The Tony Award-winning and Oscar-nominated actress and singer was known as a Las Vegas and nightclub performer and for her performances on Broadway and in the Hollywood musicals Carmen Jones and Porgy and Bess. It was then that she was approached by NBC to star as Julia Baker, a widowed nurse raising a young son on the comedy Julia.

But at the time, Carroll wasn’t convinced it was the right show for her. “I really didn’t believe that this was a show that was going to work,” she said in a 1998 sit-down for the website The Interviews: An Oral History of Television. “I thought it was something that was going to leave someone’s consciousness in a very short period of time. I thought, ‘Let them go elsewhere.'”


She changed her mind, however, when she learned that Hal Kanter, the veteran screenwriter who created the show, thought she was too glamorous for the part, quickly becoming determined to change his mind. She changed her hair, mastered the script and convinced him that she was the woman for the job, thus becoming in 1968 the first black female to star in a non-stereotypical role in her own primetime network series.

Julia, which premiered in September 1968, finished No. 7 in the ratings in the first of its three seasons, with Carroll receiving an Emmy nomination and a Golden Globe for her work as the titular character.

Later, she played a much edgier character of the sultry fashions Dominique Devereaux for three seasons on ABC’s Dynasty as well as its spinoff The Colbys, making her the first prominently featured black character on a primetime soap opera.

She lobbied Dynasty producer Aaron Spelling for a role in the series after getting hooked on it after starring on Broadway in Agnes of God. “Isn’t this the biggest hoot?” she said of the show.

“They’ve done everything [on the show]. They’ve done incest, homosexuality, murder. I think they’re slowly inching their way toward interracial,” she recalled to PEOPLE in 1984. “I want to be wealthy and ruthless … I want to be the first black bitch on television.”

Her biggest mark on the big screen was perhaps in 1974’s Claudine, playing a woman from Harlem on welfare raising six children on her won and falling for a garbage collector (James Earl Jones).

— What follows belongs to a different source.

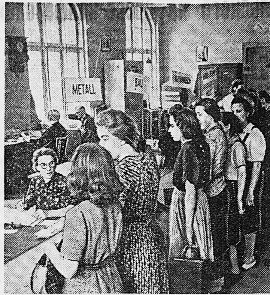
В БЕРЛИНЕ. 1. Биржа труда. 2. В одном из цехов возобновившей работу колбасной фабрики.

Красноармейский привет и поздравление успехов славной газете нашего героического ленинско-сталинского комсомола — «Комсомольской правды».
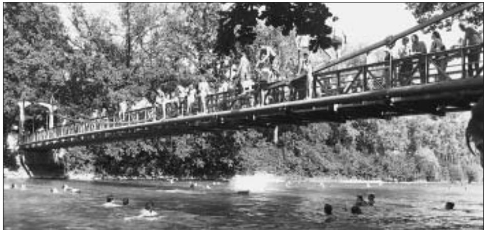
Doppelter Übergang: über die Aare – in die Aare (im Sommer).

She met Sidney Poitier on the set of Porgy and Bess in 1959, beginning what she described as a “very turbulent” nine-year romance.

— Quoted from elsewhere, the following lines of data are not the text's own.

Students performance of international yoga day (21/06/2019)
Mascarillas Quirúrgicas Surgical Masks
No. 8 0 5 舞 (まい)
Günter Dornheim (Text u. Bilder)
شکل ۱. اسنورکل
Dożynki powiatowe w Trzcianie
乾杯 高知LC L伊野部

In 1963, she earned the first of her four career Emmy nominations for portraying a teacher on ABC’s gritty Naked City. After Richard Rodgers spotted her during one of her singing appearances on Jack Paar’s Tonight Show, he composed a Broadway musical for her, resulting in 1962’s No Strings, a love story about a black fashion model (Carroll) and a nebbish white novelist (Richard Kiley), which earned Carroll a Tony Award — the first given to a black woman for best actress in a lead role of a musical.

She was inducted into the Television Hall of Fame in 2011.

She was married four times: to Monte Kay, a manager and casting consultant on House of Flowers; for six weeks to Freddie Glusman, a Las Vegas clothier; to magazine editor Robert DeLeon; and to singer Vic Damone. She also had a three-year romance with talk show host David Frost.

In addition to her daughter Suzanne Kay, Carroll is also survived by her grandchildren, August and Sydney.